One of the main attractions is Dirt Days, another range of activities for outdoor enthusiasts, from the would-be to the veteran, with the tagline: “Celebrate the world at your fingertips and its dirt in your hands.”

Dirt Days professionals will demonstrate gear and teach skills and outdoor savvy. A circuit of four “challenges” will be offered with coaching in climbing, fly fishing, pack trot and balance-challenge. Participants are invited to compete for prizes.

Dirt Days is offered by AdventureFilm.org, an international film festival dedicated to encouraging the best in indie adventure and environmental films.

The organization sprang from the original Boulder Adventure Film Festival, the 2004 brainchild of local

adventurer Jonny Copp. Copp’s life is the embodiment of the festival’s motto, “Make your own legends.” Born in Singapore in 1974, Copp’s work as a climber, photographer, videographer and writer has been featured in numerous magazines, books and movies.

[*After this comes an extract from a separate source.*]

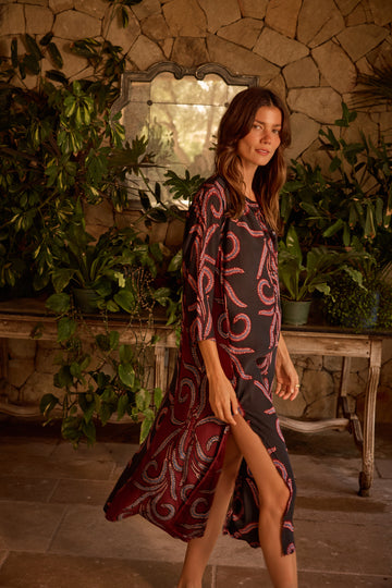 Maxi dress with 3/4 length sleeves.

Nichols, owner of All Phases Event Group, met Copp in January 2009 while stoking his own idea for a Boulder-based Earth Day-related event.

“Turned out we had a lot of mutual friends who knew we were both interested in doing something like this and said, ‘You two should meet.’ So one day we met for coffee,” Nichols says.

From that meeting they grew a vision of an event held in multiple Western-state cities. Earthfest Boulder ’09 was pulled off at a cost of $23,000, about what the current cost is, says Nichols. But its promising future was overshadowed by the death of Copp the following May.

Copp and two other climbers from Boulder, Micah Dash and Wade Johnson, were killed in a mountain avalanche in western China.

“I felt blessed to have known Jonny as long as I did,” says Nichols. “His death was a challenge for me. I asked his business partner, Mark Reiner, to take over in his place, and Mark jumped right in.”

The vision continues, and Nichols says plans are for profits from Earthfest Boulder to go to area nonprofit organizations with an environmental/sustainability focus.